I can feel myself already getting tired of it though. There’s a certain strain in interfacing with addicts for many hours each day, day after day, week after week. And the job certainly doesn’t pay enough, even with benefits, to get me through my life in any halfway comfortable fashion.

So: I’m studying to get my CDL license, and sometime later this year I’ll be out hunting for truck driving jobs. Hopefully long-haul stuff, hookup-and-go loads along the interstates. There are a lot of hoops to jump through before it happens, but I think I’m headed that way.

I have to make a living, and I haven’t been very good at that for several years. I want to be able to pay my bills again, and get some dogs again, and live somewhere out of a city, where said dogs can enjoy some off-leash outdoor time and maybe a nearby creek.

I have several books yet to write, as I think I’ve told you, and I want nothing to get in the way of that. But book-writing for most of us is not a bill-paying enterprise. (You knew about this one, right? Hint, hint.)

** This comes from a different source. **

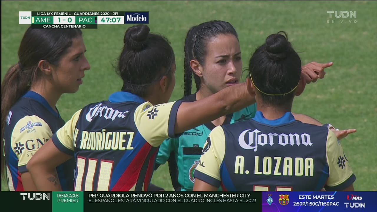 Señalan que empujó el balón en fuera de lugar y América Femenil no puede tomar la ventaja al 46'.

Even if I break new ground in my book about dealing with death as an atheist (out sometime in 2014), it’s probably going to be anything but a bestseller. Who wants to buy a book about death and dying? Not even me, really … but there are still some things worth saying, and I think SOMEBODY has to do it. You know, for our people. For us.

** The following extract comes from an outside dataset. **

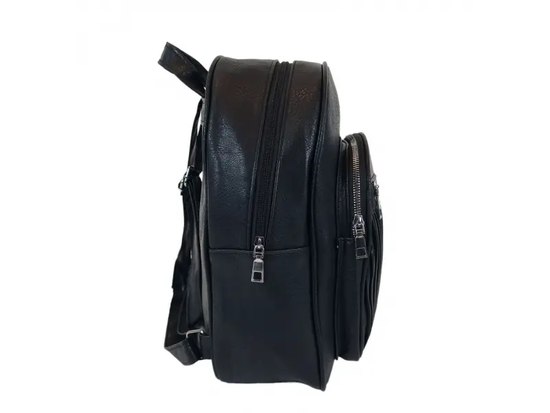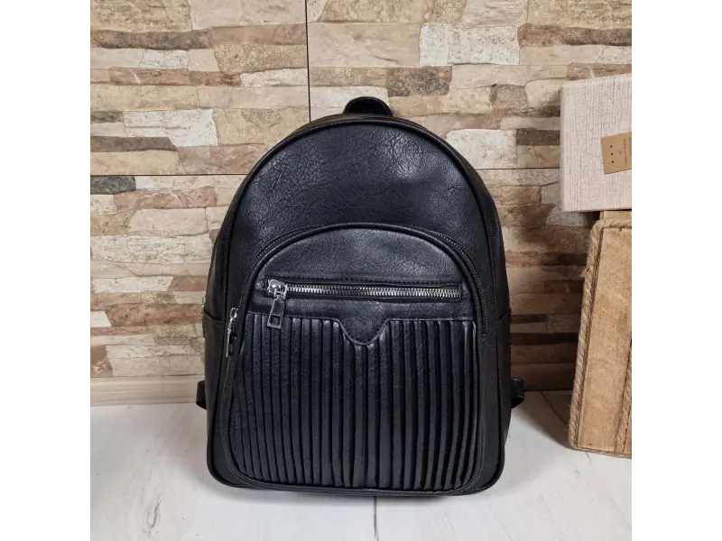 Удобна дамска раница в черен цвят - Дамска раница от еко кожа. - Едно голямо отделение с цип. - Вътрешен джоб с цип. - Два предни джоба затварящи се с цип. - Регулиращи се презрамки.

I also want to carry on writing about — and hopefully speaking about — Beta Culture. Because I think it’s important, really important, and I’d like to see it actually happen.

But anyway, this time next year, I might be a trucker. Brace yourselves.

Hell, I might go all the way — pick my Southern accent back up, and start writin’ trucker love songs.

Baybuh, you done me wrawwnng,
Cain’t even think where to start,
I jist know I’m cryin’ tears,
For how you  jack-knifed my heart.

Whoa. Eat your heart out, Johnny Cash!